I Have Loved You So Long/ Sycheadaofjwoe

Guest blogger: N. Huelster
First attempt: Schenechdote(?); I was warned by a professor that this film was trying too hard to be "meta," was pretentious and not worth seeing. Giving it a try, however, proved this to be true. The name is similar to the name of the town in Upstate New York where the film takes place, but is a word meaning "a trope where a part is used to refer to its whole," which is supposed to explain the connection between the play within the film, I think, but frankly, the whole film is so messed up that I couldn't understand what the director was going for. The psyche of the main character is painful to witness from the start of the movie, and after his wife leaves him, and his health begins to deteriorate, it only becomes more and more painful to watch. Not only this, the effects of Kaufman's mixing of the fantastic with the real is lost in this flop, whereas in "Eternal Sunshine" it served the characters and the story to make a superb (and meta) film. Fastforwarded the last hour, it was my favorite part.

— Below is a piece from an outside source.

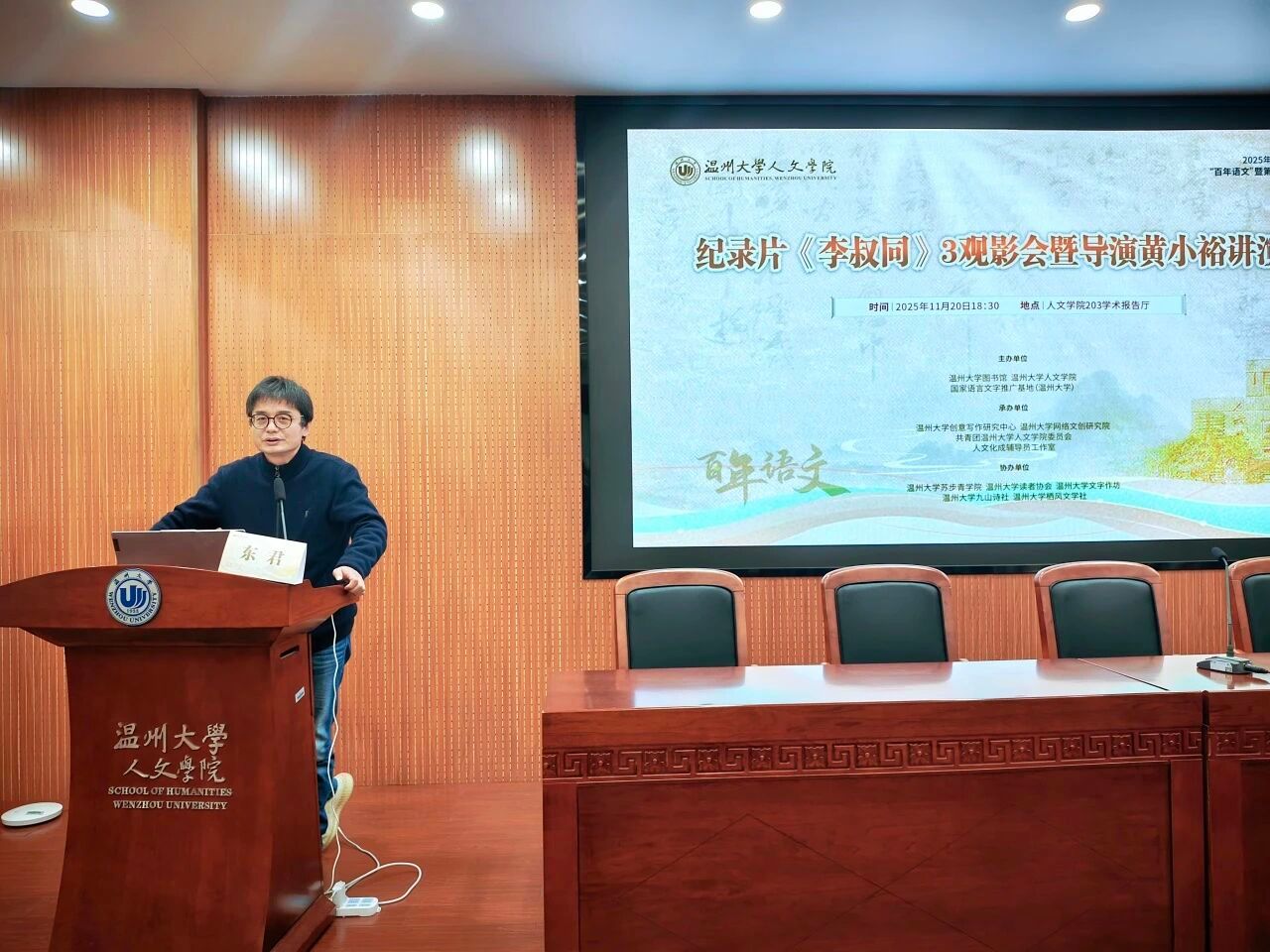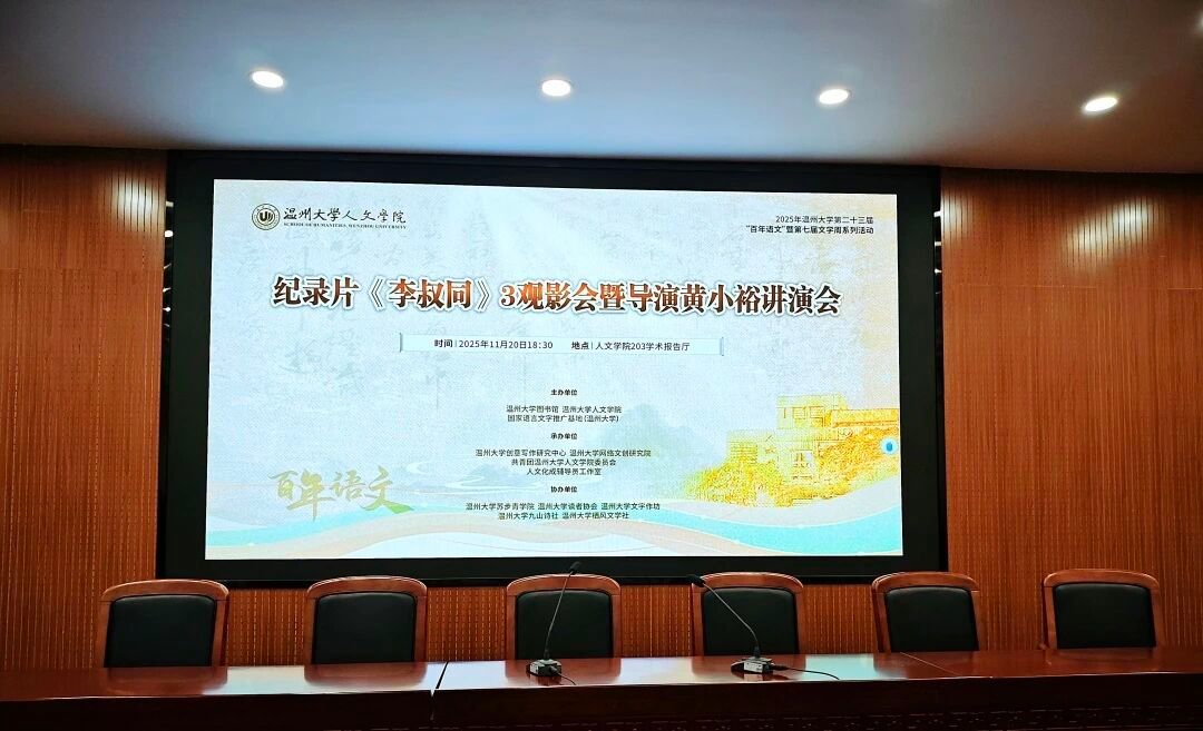 百四五载岁月流转,皓月天心未改。正值李叔同诞辰145周年之际,bat365在线中国官网登录入口举办了系列纪念活动:2025年11月19日,在bat365在线中国官网登录入口203学术报告厅举办纪录片《李叔同》1-2观影会。次日晚,同地举办纪录片《李叔同》3观影会暨导演黄小裕讲演会。导演黄小裕、bat365在线中国官网登录入口院长孙良好、中文系副主任李广旭、驻校作家东君、广告系蒋述与百余名师生齐聚一堂,共探先生“悲欣交集”的人生际遇。

Second attempt: Il y'a Longtemps Que Je T'aime; French film starring English actress Kristen Scott Thomas. This was a good film, exploring the reunion of two sisters after one is released from fifteen years in prison for murdering her son. Throughout the film we learn her reason for doing it, and it turns out not to be the horrific act of violence that sustains much of the tension throughout the unfolding story- her introduction into her sister's new family, a new job, and new acquaintances on the other side of the prison wall to face (and to face her guilt). Thomas' character is bleak, and mysterious, and her relationship with her sister and her family reveals in the end what her true guilt really was. I at first liked the story for its sympathetic look at mental illness/ prison, but in the end the twist surrounding Thomas' crime gives the story a new depth. Bien!